Directions for this task: Where the listing shows an image, skip it and output all other material unchanged.

Data block:
==================================================
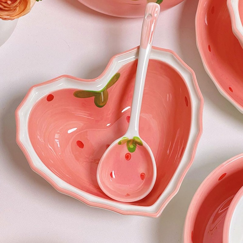 Housewares. The set is perfect for serving fruit, snacks and other small items and the spoon can be used for stirring or scooping. Decorative salad bowl, whether at home, school or in the office. This set is a practical and stylish. The ceramic heart shaped salad bowl adds a touch of cuteness to your kitchen, while the bright colors make it even more attractive. Wear-resistant tableware made of ceramic material, this set is safe, durable and easy to clean. The delicate serving plate, the sweet heart-shaped strawberry bowl and spoon set, a must have for every household
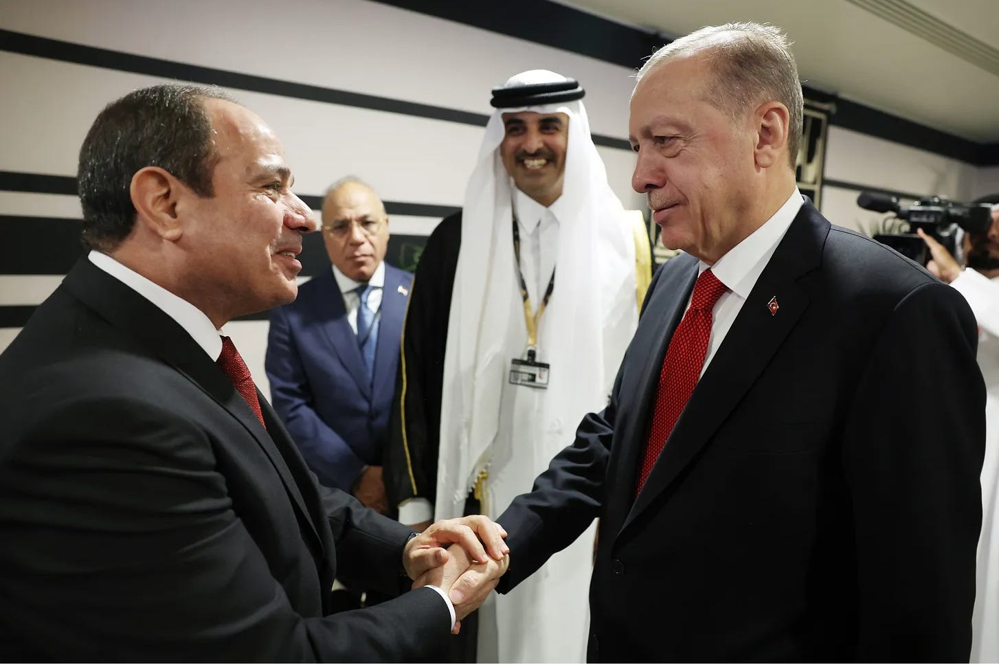 Erdogan who has repeatedly referred to Sisi as a murderer and a putschist… Sisi who has repeatedly accused Erdogan of attempting to destabilise his country by supporting a terrorist organization that is the Muslim Brotherhood (MB). They shook hands. Erdogan now claims that he intends to meet with al-Sisi as soon as the foreign ministers reach agreement on specific issues
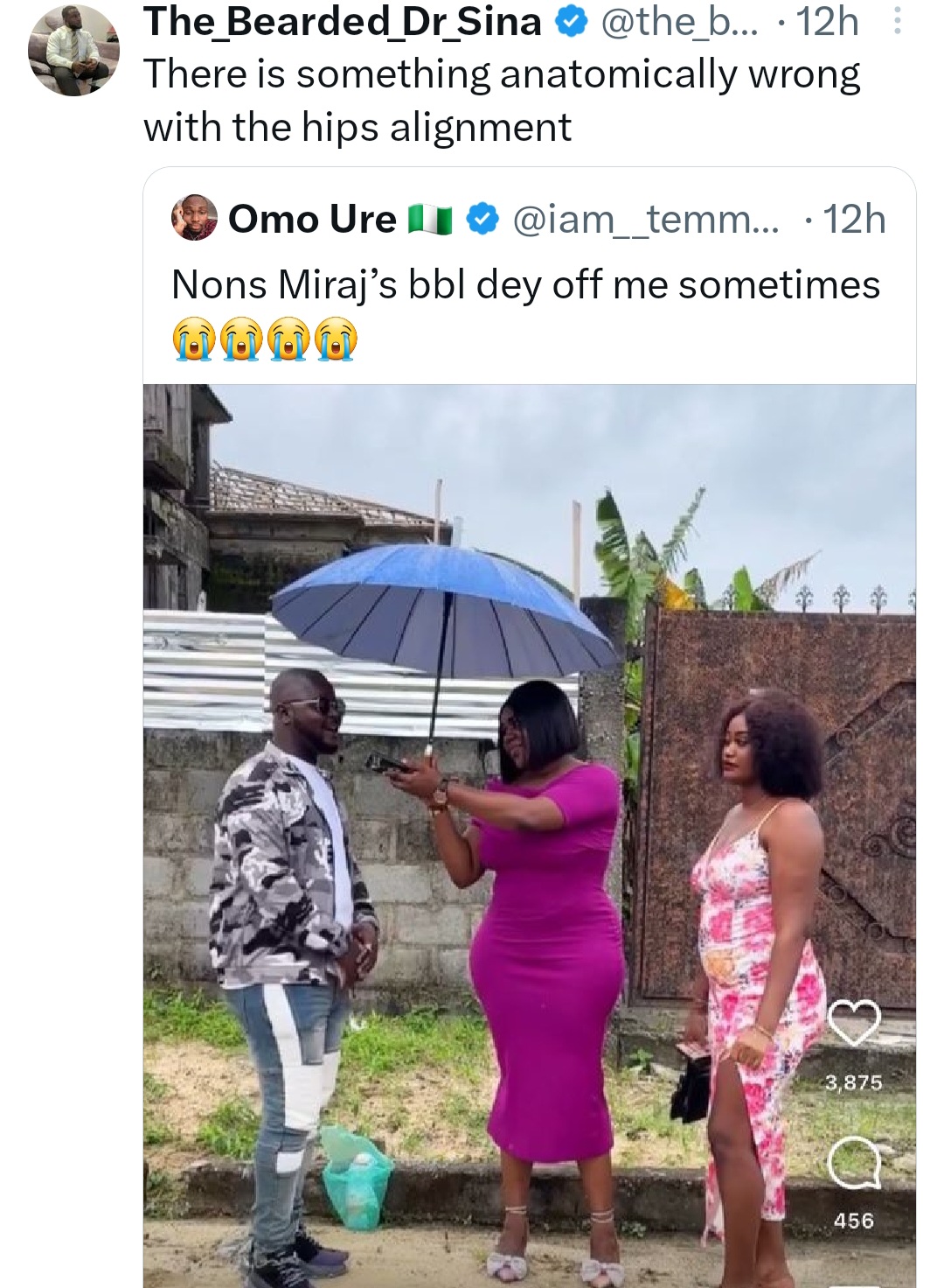 Blessing's video led viewers to begin mentioning Nons Miraj's body work.
==================================================
Task response:
 Housewares. The set is perfect for serving fruit, snacks and other small items and the spoon can be used for stirring or scooping. Decorative salad bowl, whether at home, school or in the office. This set is a practical and stylish. The ceramic heart shaped salad bowl adds a touch of cuteness to your kitchen, while the bright colors make it even more attractive. Wear-resistant tableware made of ceramic material, this set is safe, durable and easy to clean. The delicate serving plate, the sweet heart-shaped strawberry bowl and spoon set, a must have for every household
 Erdogan who has repeatedly referred to Sisi as a murderer and a putschist… Sisi who has repeatedly accused Erdogan of attempting to destabilise his country by supporting a terrorist organization that is the Muslim Brotherhood (MB). They shook hands. Erdogan now claims that he intends to meet with al-Sisi as soon as the foreign ministers reach agreement on specific issues
 Blessing's video led viewers to begin mentioning Nons Miraj's body work.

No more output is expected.